In fact, Aristotle himself said, “For the things we have to learn before we can do them, we learn by doing them.” Still, it’s a concept that needs to be celebrated and embraced rather than berated and feared.
Having lived in North Carolina for six years, I was presented the opportunity to learn a lot about the Wright Brothers. While they are credited for inventing the airplane and flight, the total number of failed attempts, failed models, and incredible numbers could have populated a medium sized-town. Still, they learned something from each fail. And in the end, their success was legendary.
While all of us cannot be legendary, we are all similar in at least one way. All of us are learners. Moreover, all of us learn by doing: from the basics of talking and walking, to becoming experts in every field that is currently known. The idea of learning by doing was the mantra of educational reformer John Dewey. If you don’t know Dewey, he is famous for his writings and philosophy around teaching and learning. Specifically, he believed through his own practice and research, that a student cannot be passive in learning to do something. Instead, they must do. They must tinker and they must experiment. And with that, there is inherent failure.
Have you ever worked with a physical trainer?
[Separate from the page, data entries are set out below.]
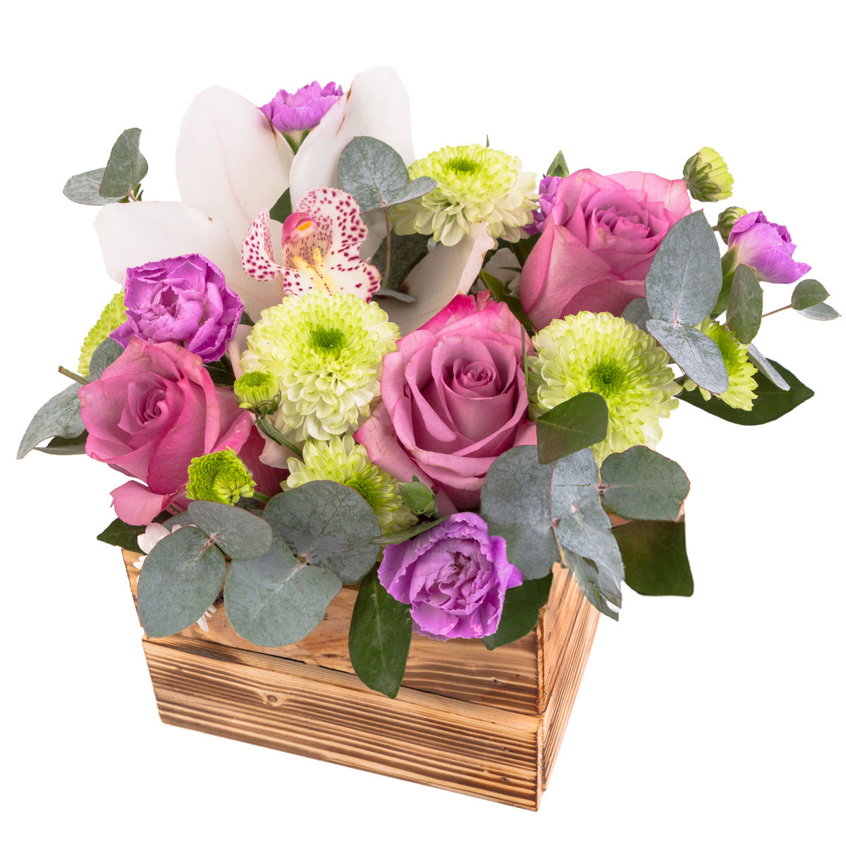 Орхидея белая, роза одноголовая розовая, хризантема кустовая зеленая, гвоздика сиреневая, эвкалипт. Упаковка (Корзина, оазис, ящик).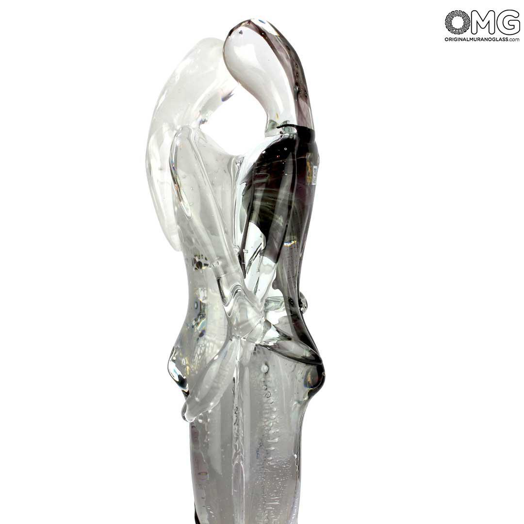 Lovers bust sculpture made with the technique of warm glass modellation and sbruffy style techniques. All traditional techniques of the venetian glass history perfectly executed by our glass master. Glass is molten in black and white. Handmade for our selection of lovers sculptures. The best gift idea for lovers, valentine's day and wedding.
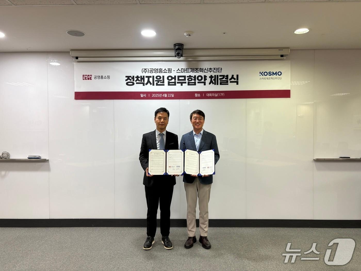 스마트제조혁신추진단, 스마트공장 판로 지원이종원 공영홈쇼핑 사업본부장(왼쪽)과 안광현 스마트제조혁신추진단 단장이 업무협약 체결 후 기념촬영을 하고 있다.(중소기업기술정보진흥원 제공)관련 키워드중소기업기술정보진흥원스마트제조혁신추진단공영홈쇼핑스마트공장퍼스트클럽정책이정후 기자 네이버·엔씨 제친 스타트업 연합군…"기술력으로 정면 돌파했다"대·중소기업 상생 성장 전략 마련…"모두의 성장 이끈다"관련 기사"홈쇼핑 입점 기회를"…스마트제조혁신사 코칭상담회 개최공영홈쇼핑, 스마트제조 中企에 '원스톱 판로' 지원

If so, you know that you are taught new exercises and stretches. Some are brand new, some are awkward, and some end up causing pain. However, that pain is because you are using new muscles and joints that you were not engaging correctly when you tried it by yourself. As you learn these new techniques, you mess up. You might even think you look funny doing them, or that you are being corrected by your instructor. But in the end, you grow physically stronger, and become more informed about the how and why of the stretch/exercise.
Last week at Allen Academy, 17-year-old Chinese acrobats performed for the entire school. While they were amazing, especially considering their age, the emcee was very clear about the training this small group had to endure in order to get here. Each of them had been training at least ten years. They made it look simple, like any professional in any activity does. I turned to a fellow educator and asked, “How many times do you think they’ve fallen?” And there it was again… Failure. Don’t you think they learned their craft at a high level because of hundreds of falls (fails)?
So now a quiz:
Your child brings home an “F” on a test. What do you do?
Your child is having trouble with friends at school (failing at interpersonal relationships). What do you do?
Your child misses all 5 shots she takes in the basketball game. What do you do?
Your child doesn’t get in to all 8 colleges to which he applied. What do you do?
I am not suggesting that failure isn’t scary. I am not suggesting that an “F” on a high school transcript isn’t cause for some concern. And I am not suggesting that our children’s athletic, artistic, interpersonal, or scholastic failures are not anxiety producing for us as parents. What I am saying is that we must accept failure as the opportunity to grow and to get better.
You can call it grit, determination, stick-to-it-iveness, or being relentless. Regardless, as parents, we have to praise effort and not the grade. We must praise effort, not whether the friendship actually pans out. We must praise effort, not the final scoreboard.
Remember that in the end, failure is not a dirty word at all. It’s simply the beginning of growing, learning, and mastery.